▶ **Instructions to follow**
Reproduce the records word for word, apart from the images they contain.

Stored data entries
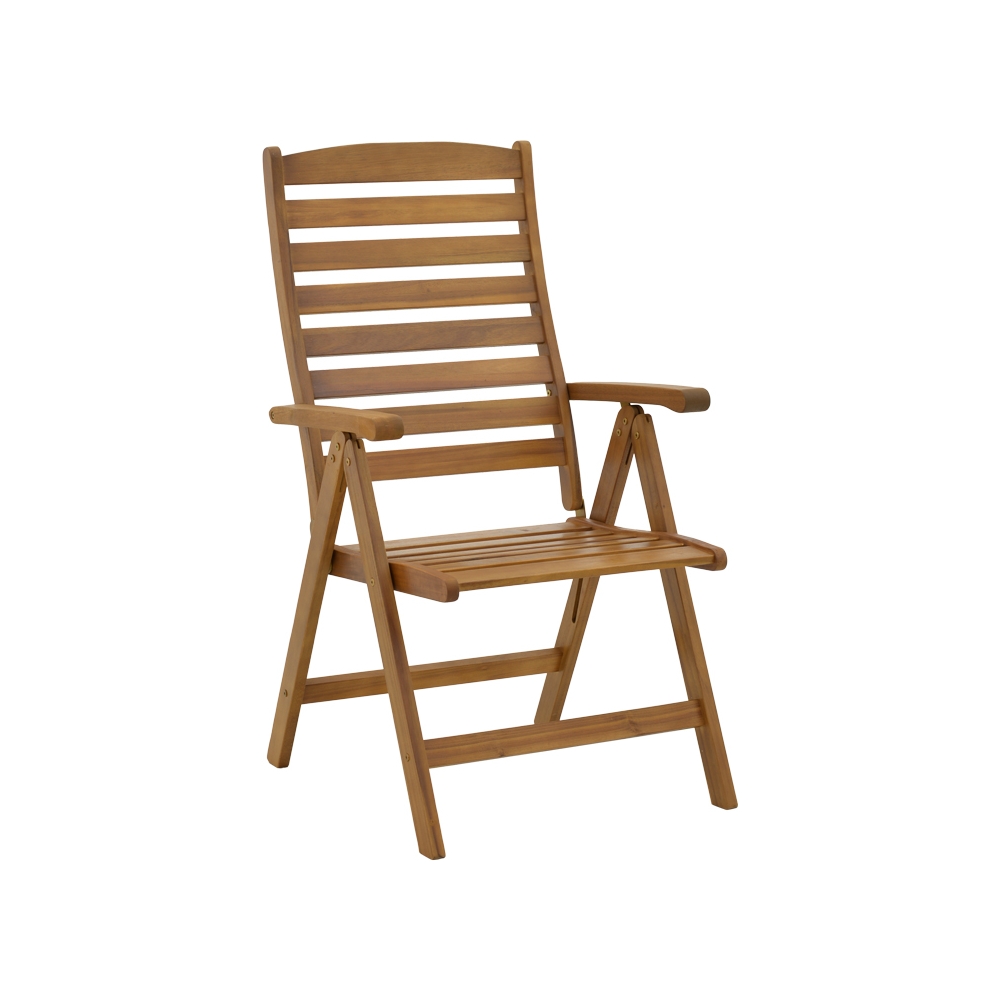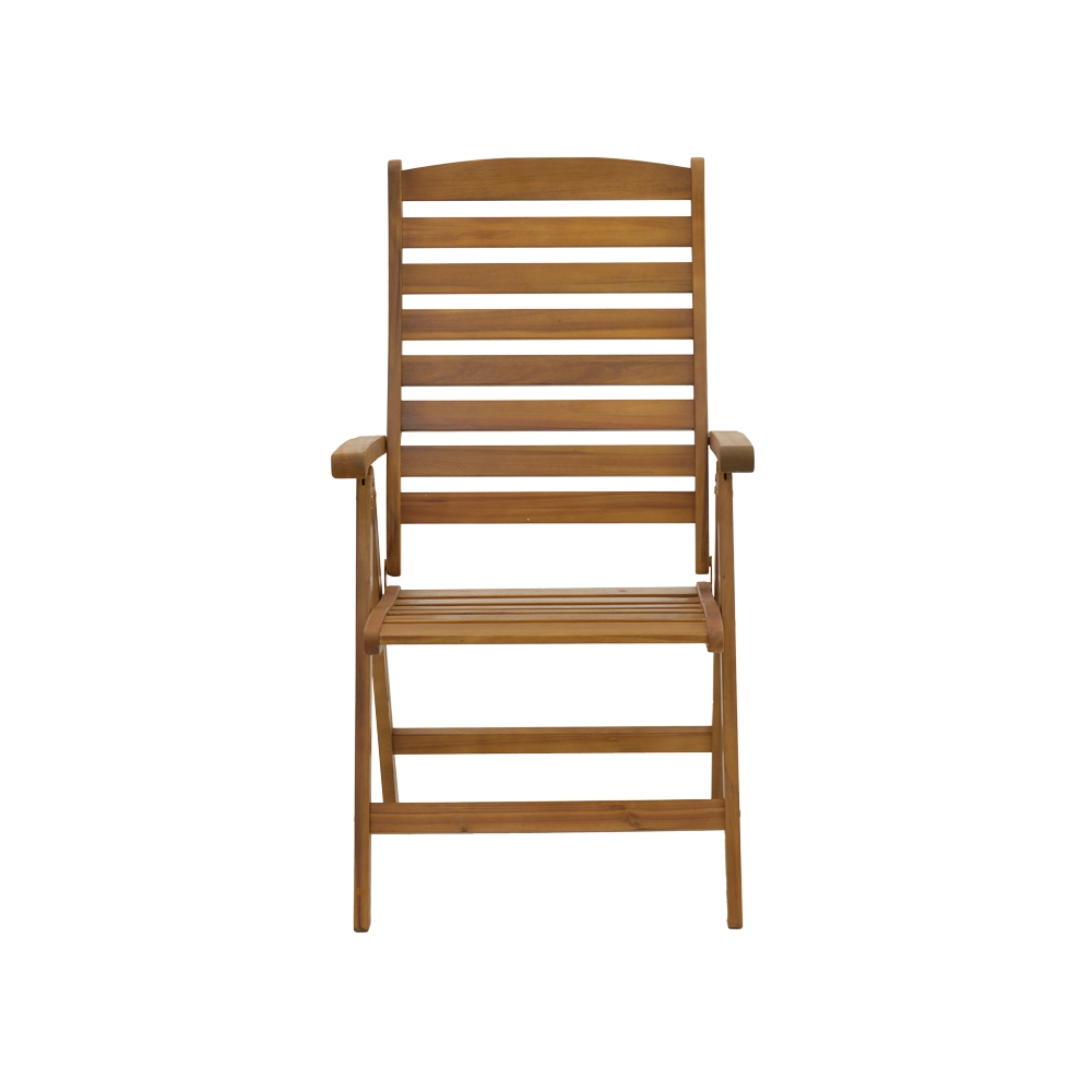 Τεχνικά χαρακτηριστικά: * Κατασκευή από ξύλο ακακίας. Η ακακία είναι γνωστή για την αντοχή της και την ιδιαίτερη αισθητική της, κάνοντας τον σκελετό αυτόν ιδανικό για χρήση σε εξωτερικούς χώρους, όπως κήπους, βεράντες ή αυλές. Τα λεία φυσικά ξύλινα φινιρίσματα του αναδεικνύουν τις φυσικές γραμμές και την υφή του ξύλου, προσφέροντας μια αίσθηση αυθεντικότητας και ευχάριστης απλότητας. * Πτυσσόμενο κάθισμα: Η καρέκλα αναδιπλώνει και κλείνει με μία κίνηση προσφέροντας έτσι ευκολία στη μεταφορά και την αποθήκευση. *Διαθέτει πέντε θέσεις ανάκλισης. * Φέρει μπράτσα για την ξεκούραση των χεριών. * Προσφέρεται σε χρώμα φυσικό.
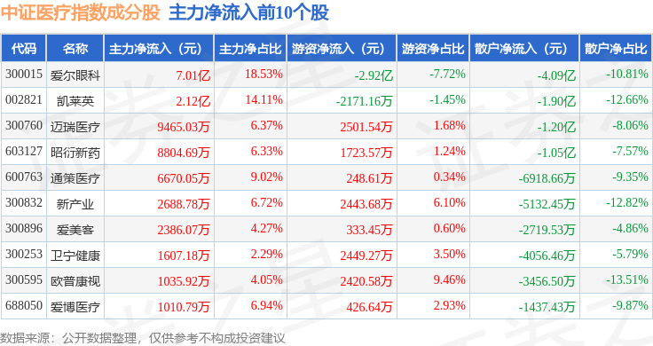 资金流向方面,中证医疗(399989)指数成份股当日主力资金净流入合计4.38亿元,游资资金净流入合计47.76万元,散户资金净流出合计4.43亿元。成份股资金流向详情见下表:
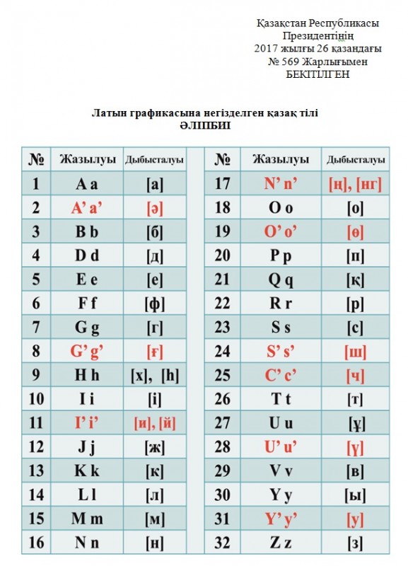 Президент Нурсултан Назарбаев постановил перевести алфавит казахского языка с кириллицы на латинскую графику. Распоряжение об этом появилось на сайте "Акорда" 27 октября. В новом казахском алфавите на латинице 32 буквы.
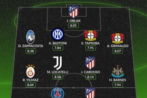 后衛(wèi):扎帕科斯塔(亞特蘭大,8.38分)、巴斯托尼(國際米蘭,7.84分)、塔普索巴(勒沃庫森,7.91分)、格里馬爾多(勒沃庫森,8.07分)
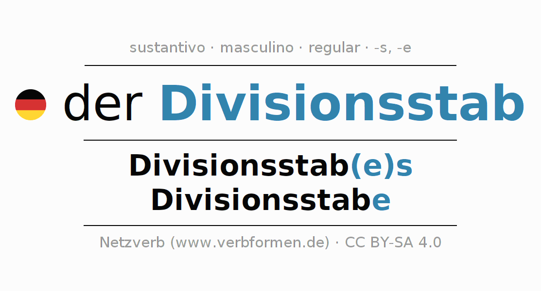 - Singular: der Divisionsstab, des Divisionsstab(e)s, dem Divisionsstab(e), den Divisionsstab
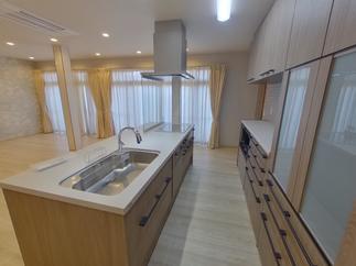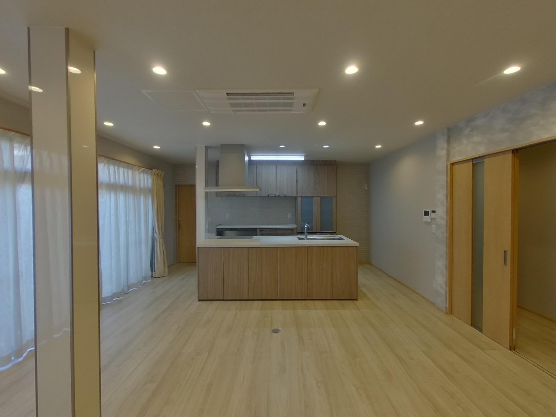 1階の子世帯において挙げられたご希望として、「リビングをできるだけスッキリさせたい」というお声がありましたので、間取りの変更をご提案しました。 8畳部屋・6畳部屋・廊下に関わる、押入れや床の間、小壁などをすべて解体し、1つの空間へと変化させました。また、すっきりとした印象の空間をつくるために、天井照明にはダウンライトを、エアコンは天井埋込の商品を採用し、天井から吊るされる物を極力無くすよう詳細のご提案をさせていただきました。このご提案により、広々とした空間を確保するだけでなく、省エネ効果を高めることが期待できます。 1階のフルリノベーションには、耐震・断熱を取り入れたここちリノベーションを実現させた他、ほぼすべての水廻り設備や建材にIXIL建材をご提案し、高い品質とデザイン性を誇る製品を使用することで、さらに安心感のある空間へと導きました。 住みながらのリフォームのため、ご不便をおかけする場面が多かったかもしれません。お施主様のご協力のもとお施主様にも近隣にも建物にも優しいリフォームを心掛けました。工事を終え、お施主様に喜んでいただけて大変嬉しく思っております。この度はご依頼いただきまして誠にありがとうございました。
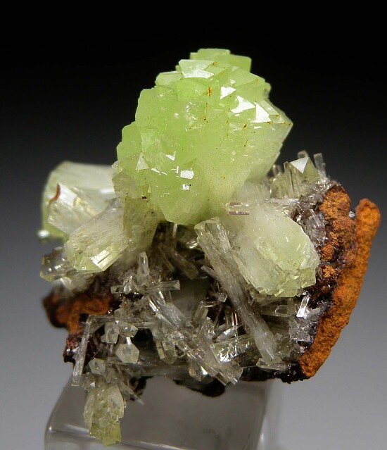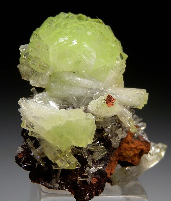 Glassy Adamite crystals on Limonite. There are both individual crystals, doubly-terminated crystals, and a large pinwheel cluster. What makes this special is the more green than yellow color and the aesthetic arrangement of the crystals. Undamaged fine miniature.
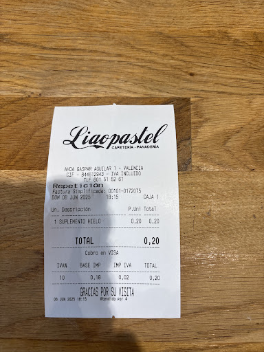 Read moreLiao Pastel, cadena de cafeterias propiedad de Xiao Liao, de origen chino. El lugar en si es agradable, una cafetería bonita, limpia y cómoda donde tomarte un café o quedarte un rato a trabajar o a pasar el rato. Los productos de panadería y pastelería están ricos, pero no son artesanales como anuncian, ni se le acerca. El problema viene de dentro, en primer lugar, el sitio es demasiado grande para el poco personal que tiene, las chicas hacen bien su trabajo pero están completamente sobrepasadas, las colas de espera para pagar son demasiado largas porque no dan a basto. Los precios de las vitrinas son engañosos, no está todo etiquetado, ponen diferente variedad de un mismo tipo de producto, pero solo marcan el coste del más barato, por lo que en la caja llega la sorpresa, y ya te lo han servido, así que si dices que no lo quieres, lo devuelven a la vitrina a pesar de haberlo calentado ya o haberlo metido en la bolsa de papel. Esto tampoco es culpa de las camareras, el dueño lo sabe perfectamente, es su "estrategia de marketing". A propósito del dueño, comentar que da muy mala imagen cuando está presente en el comercio y permanece sentado sin mover un dedo mientras sus trabajadoras hacen lo que pueden y la cola sigue creciendo, cuando se dirige a ellas las trata con condescendencia delante de los clientes. Recomendaría el sitio pero no lo haré por no promover este tipo de empresarios. Engaño al consumidor en precio y origen de los productos (no son artesanales) y mal trato hacía...
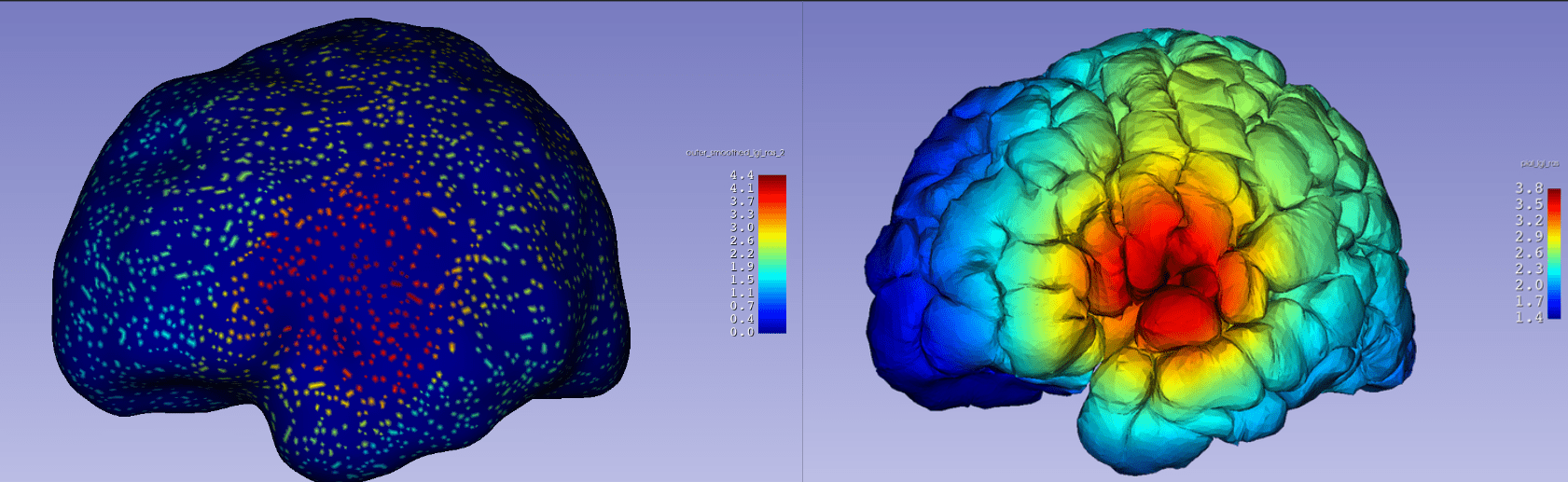 Fig.5: (Left): Local Gyrification Index (LGI) computed in the outer

▶ **Solution**
 Τεχνικά χαρακτηριστικά: * Κατασκευή από ξύλο ακακίας. Η ακακία είναι γνωστή για την αντοχή της και την ιδιαίτερη αισθητική της, κάνοντας τον σκελετό αυτόν ιδανικό για χρήση σε εξωτερικούς χώρους, όπως κήπους, βεράντες ή αυλές. Τα λεία φυσικά ξύλινα φινιρίσματα του αναδεικνύουν τις φυσικές γραμμές και την υφή του ξύλου, προσφέροντας μια αίσθηση αυθεντικότητας και ευχάριστης απλότητας. * Πτυσσόμενο κάθισμα: Η καρέκλα αναδιπλώνει και κλείνει με μία κίνηση προσφέροντας έτσι ευκολία στη μεταφορά και την αποθήκευση. *Διαθέτει πέντε θέσεις ανάκλισης. * Φέρει μπράτσα για την ξεκούραση των χεριών. * Προσφέρεται σε χρώμα φυσικό.
 资金流向方面,中证医疗(399989)指数成份股当日主力资金净流入合计4.38亿元,游资资金净流入合计47.76万元,散户资金净流出合计4.43亿元。成份股资金流向详情见下表:
 Президент Нурсултан Назарбаев постановил перевести алфавит казахского языка с кириллицы на латинскую графику. Распоряжение об этом появилось на сайте "Акорда" 27 октября. В новом казахском алфавите на латинице 32 буквы.
 后衛(wèi):扎帕科斯塔(亞特蘭大,8.38分)、巴斯托尼(國際米蘭,7.84分)、塔普索巴(勒沃庫森,7.91分)、格里馬爾多(勒沃庫森,8.07分)
 - Singular: der Divisionsstab, des Divisionsstab(e)s, dem Divisionsstab(e), den Divisionsstab
 1階の子世帯において挙げられたご希望として、「リビングをできるだけスッキリさせたい」というお声がありましたので、間取りの変更をご提案しました。 8畳部屋・6畳部屋・廊下に関わる、押入れや床の間、小壁などをすべて解体し、1つの空間へと変化させました。また、すっきりとした印象の空間をつくるために、天井照明にはダウンライトを、エアコンは天井埋込の商品を採用し、天井から吊るされる物を極力無くすよう詳細のご提案をさせていただきました。このご提案により、広々とした空間を確保するだけでなく、省エネ効果を高めることが期待できます。 1階のフルリノベーションには、耐震・断熱を取り入れたここちリノベーションを実現させた他、ほぼすべての水廻り設備や建材にIXIL建材をご提案し、高い品質とデザイン性を誇る製品を使用することで、さらに安心感のある空間へと導きました。 住みながらのリフォームのため、ご不便をおかけする場面が多かったかもしれません。お施主様のご協力のもとお施主様にも近隣にも建物にも優しいリフォームを心掛けました。工事を終え、お施主様に喜んでいただけて大変嬉しく思っております。この度はご依頼いただきまして誠にありがとうございました。
 Glassy Adamite crystals on Limonite. There are both individual crystals, doubly-terminated crystals, and a large pinwheel cluster. What makes this special is the more green than yellow color and the aesthetic arrangement of the crystals. Undamaged fine miniature.
 Read moreLiao Pastel, cadena de cafeterias propiedad de Xiao Liao, de origen chino. El lugar en si es agradable, una cafetería bonita, limpia y cómoda donde tomarte un café o quedarte un rato a trabajar o a pasar el rato. Los productos de panadería y pastelería están ricos, pero no son artesanales como anuncian, ni se le acerca. El problema viene de dentro, en primer lugar, el sitio es demasiado grande para el poco personal que tiene, las chicas hacen bien su trabajo pero están completamente sobrepasadas, las colas de espera para pagar son demasiado largas porque no dan a basto. Los precios de las vitrinas son engañosos, no está todo etiquetado, ponen diferente variedad de un mismo tipo de producto, pero solo marcan el coste del más barato, por lo que en la caja llega la sorpresa, y ya te lo han servido, así que si dices que no lo quieres, lo devuelven a la vitrina a pesar de haberlo calentado ya o haberlo metido en la bolsa de papel. Esto tampoco es culpa de las camareras, el dueño lo sabe perfectamente, es su "estrategia de marketing". A propósito del dueño, comentar que da muy mala imagen cuando está presente en el comercio y permanece sentado sin mover un dedo mientras sus trabajadoras hacen lo que pueden y la cola sigue creciendo, cuando se dirige a ellas las trata con condescendencia delante de los clientes. Recomendaría el sitio pero no lo haré por no promover este tipo de empresarios. Engaño al consumidor en precio y origen de los productos (no son artesanales) y mal trato hacía...
 Fig.5: (Left): Local Gyrification Index (LGI) computed in the outer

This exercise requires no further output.